Wolverine Stack
Protocol Guide
The Wolverine Stack combines BPC-157 and TB-500 in a single research protocol — targeting both local tissue repair (BPC-157 via the FAK-paxillin pathway) and systemic wound healing (TB-500 via actin regulation and angiogenesis). The complementary mechanisms make this one of the most studied stacks in peptide research.
What is Wolverine Stack?
BPC-157 and TB-500 complement each other through distinct, non-overlapping mechanisms. BPC-157 activates local signalling — FAK-paxillin for fibroblast migration, VEGFR2 for local angiogenesis, and direct gut cytoprotection. TB-500 acts systemically through actin sequestration, promoting cell migration and blood vessel formation throughout the body.

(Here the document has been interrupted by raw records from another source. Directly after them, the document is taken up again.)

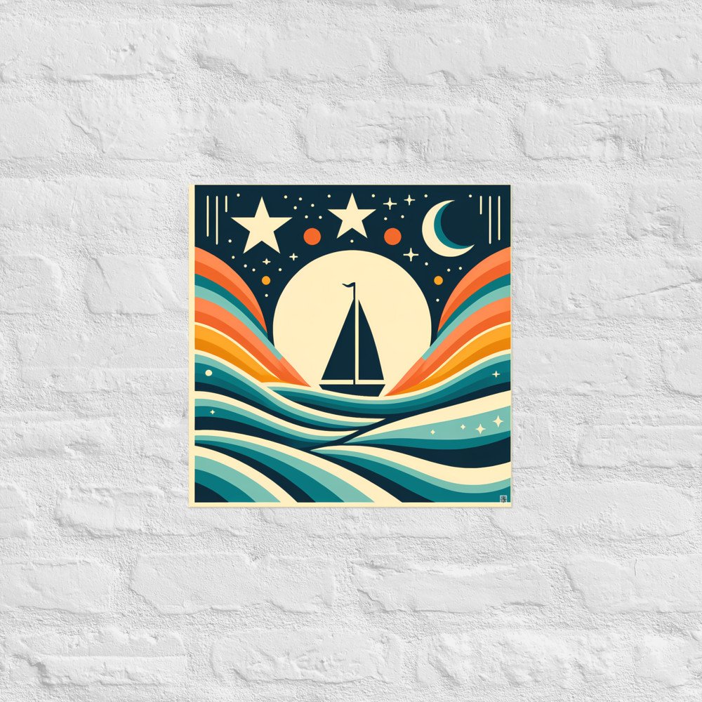 A stylised sailboat silhouette glides across layered, flowing waves beneath a starry night sky with a crescent moon. Bold geometric shapes and a soft gradient colour fade create a modern abstract art feel. The palette blends teal, navy, cream, and warm orange in a clean, poster-like composition.
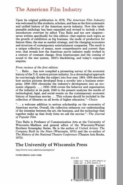 Upon its original publication in 1976, The American Film Industry was welcomed by film students, scholars, and fans as the first systematic and unified history of the American movie industry. Now this indispensible anthology has been expanded and revised to include a fresh introductory overview by editor Tino Balio and ten new chapters that explore such topics as the growth of exhibition as big business, the mode of production for feature films, the star as market strategy, and the changing economics and structure of contemporary entertainment companies. The result is a unique collection of essays, more comprehensive and current than ever, that reveals how the American movie industry really worked in a century of constant change-from kinetoscopes and the coming of sound to the star system, 1950s blacklisting, and today's corporate empires.
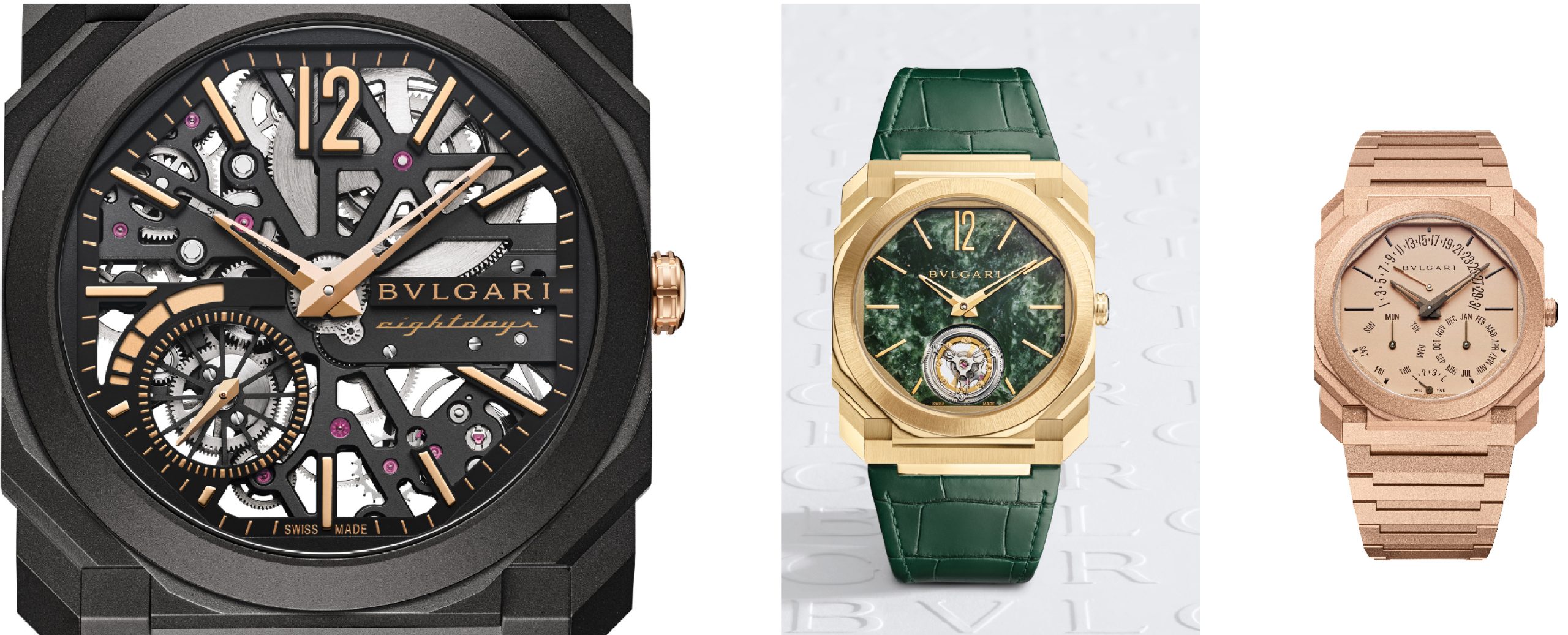 Da dx verso sx (quasi fossimo in Arabia) l’Octo Finissimo Q.P. presenta una sofisticata finitura ‘frosted’ dell’oro, introdotta per la la prima volta nel 2022 nel Finissimo oro rosa e poi nel Ripetizione Minuti. L’Octo Finissimo Tourbillon Marmo rinnova l’impegno tecnico ed estetico della Maison con la cassa in oro giallo, ø40 mm, spessore 4.85 mm, sottilissimo il rivestimento in marmo verde del quadrante. Infine l’Octo Finissimo Skeleton 8 Days che arriva dopo le precedenti versioni in oro rosa e titanio; questo affascina per i dettagli. Indici e lancette in oro rosa spiccano all’interno della cassa in titanio trattata DLC nero. Il Calibro di Manifattura BVL 199SK a carica manuale ha uno spessore di mm 2,50, presentato nel 2022, garantisce una carica di 192 ore, cioè 8 giorni; qui ha diverse gradazioni di oro rosa e a ore 3 sotto il logo Bvlgari si legge “Eight Days”.

The rationale for combining them: BPC-157 provides targeted, localised activity at the injury site (especially effective when injected nearby), while TB-500's systemic reach can improve healing across multiple tissues simultaneously. Animal models suggest the combination may produce additive effects on tissue repair markers compared to either compound alone — human data remains limited.
Dosing Schedule
Parameters documented in published preclinical and clinical research.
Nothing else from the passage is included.